There are scant details of how it would work and no experts are named to back physicist Ronald Mallett's claim. But there it is, a report about real plans for a time machine from ABC News instead of a news outlet more befitting the subject --The Onion.
ABC News writes: "Mallett said he believes that if he can create a gravitational swirl -- a whirpool -- he can actually twist space and time. 'So if I'm twisting space violently enough, ultimately what will happen is that that timeline will get twisted into a loop,' Mallet said."
The ABC News headline, "Time Travel: Fantasy or Science?" promises a story about Mallett, who "builds [a] time machine to save his father's life." He "worshipped" his father and kept his ambitions to build a time machine secret. He told ABC, "I was astute enough to realize that people were worried about me already and if I told them that I wanted to build a time machine I might not want to deal with the consequences," Mallett said.

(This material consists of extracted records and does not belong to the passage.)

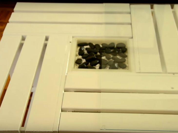 Para finalizar a sua peça, coloque pedras dentro da bandeja, ou o enfeite que você desejar, e coloque o tampo e vidro, se possuir. E está pronto!
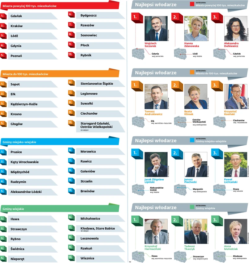 prezydent Gdyni, na drugim miejscu znalazła się prezydent Łodzi, natomiast trzecie miejsce przypadło prezydent Gdańska. Wysoka pozycja gmin szła zatem w parze z wysoką oceną włodarzy. Czwarte miejsce zajął prezydent Lublina, a piąte – Poznania.
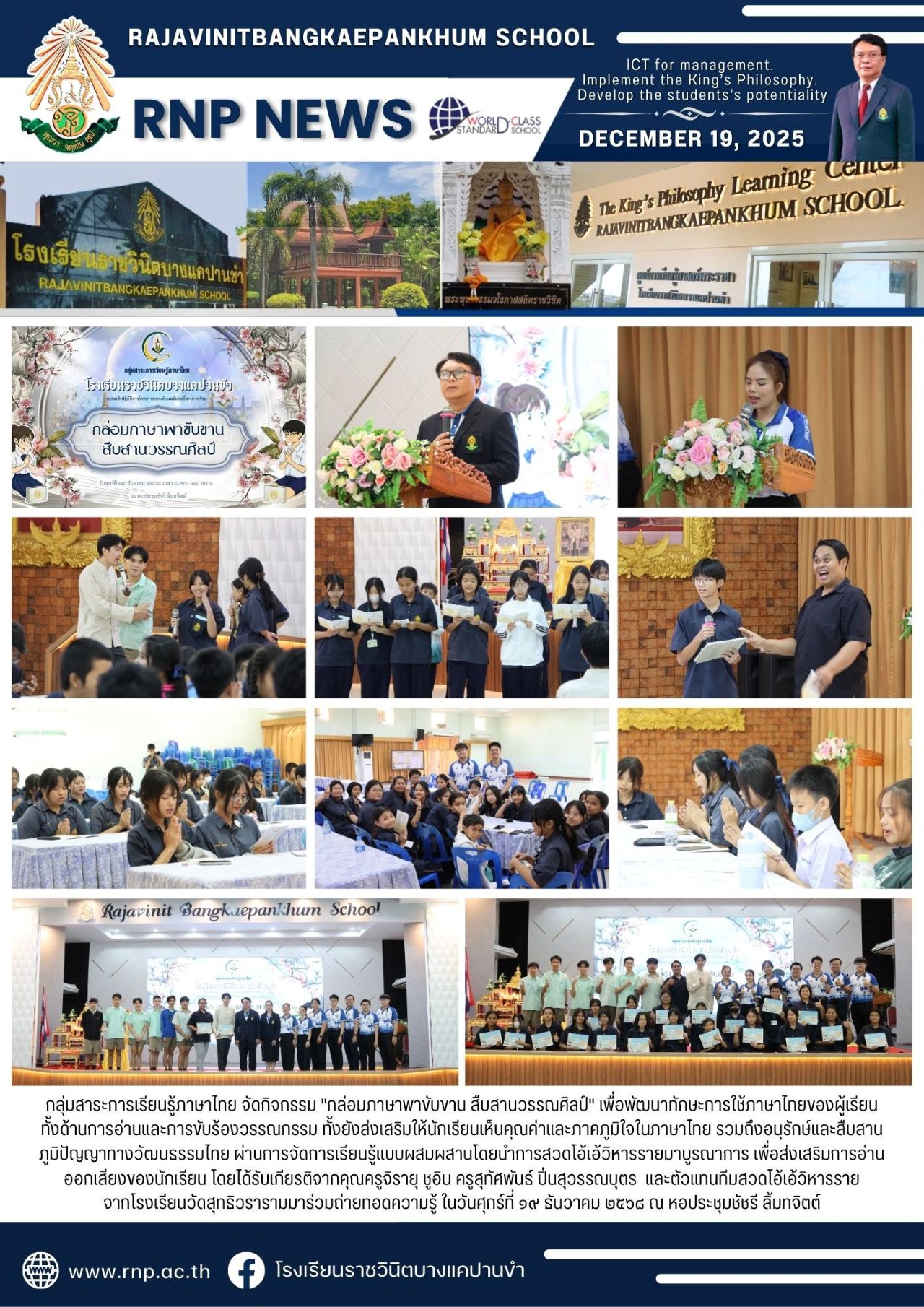 | กลุ่มสาระการเรียนรู้ภาษาไทย ได้จัดกิจกรรม "กล่อมภาษาพาขับขาน สืบสานวรรณศิลป์" เพื่อพัฒนาทักษะการใช้ภาษาไทยของผู้เรียนทั้งด้านการอ่านและการขับร้องวรรณกรรม ทั้งยังส่งเสริมให้นักเรียนเห็นคุณค่าและภาคภูมิใจในภาษาไทย รวมถึงอนุรักษ์และสืบสานภูมิปัญญาทางวัฒนธรรมไทย ผ่านการจัดการเรียนรู้แบบผสมผสานโดยนำการสวดโอ้เอ้วิหารรายมาบูรณาการ เพื่อส่งเสริมการอ่านออกเสียงของนักเรียน โดยได้รับเกียรติจากคุณครูจิรายุ ชูอิน ครูสุทัศพันธ์ ปิ่นสุวรรณบุตร และตัวแทนทีมสวดโอ้เอ้วิหารรายจากโรงเรียนวัดสุทธิวรารามมาร่วมถ่ายทอดความรู้ ในวันศุกร์ที่ ๑๙ ธันวาคม ๒๕๖๘ ณ หอประชุมชัชรี ลิ้มทจิตต์ |

Commenter funkandspacejunk writes, "Wow. Is it just me or are the ABC News journalists getting worse by the day?" He then quotes from the following passage, that refers to "other scientists" who are never named. (Emphasis mine):
"People might think he was crazy, even though he has worked his way to a job as a tenured physicist at the University of Connecticut. But it's not a secret anymore, because of something really crazy. He said he thinks he has come up with a way to do it. It's complicated, but not crazy, according to some other scientists who have studied Mallett's idea."
But wait. ABC buries the bad news in the very last line of their report. The time machine "only works from the moment the machine turns on," Mallet said. "That means you couldn't go back to a time earlier than the time when the machine begins to work." Bottom line? ABC News answers, "Mallett could never go back to 1955 to see his father. But still, he said, he is certain his father would be proud."
Another commenter Extremophil, got it right, in StinkyJournalisms's view: "I wish I could jump in a time machine and get back the minutes I wasted on this article. Bleah."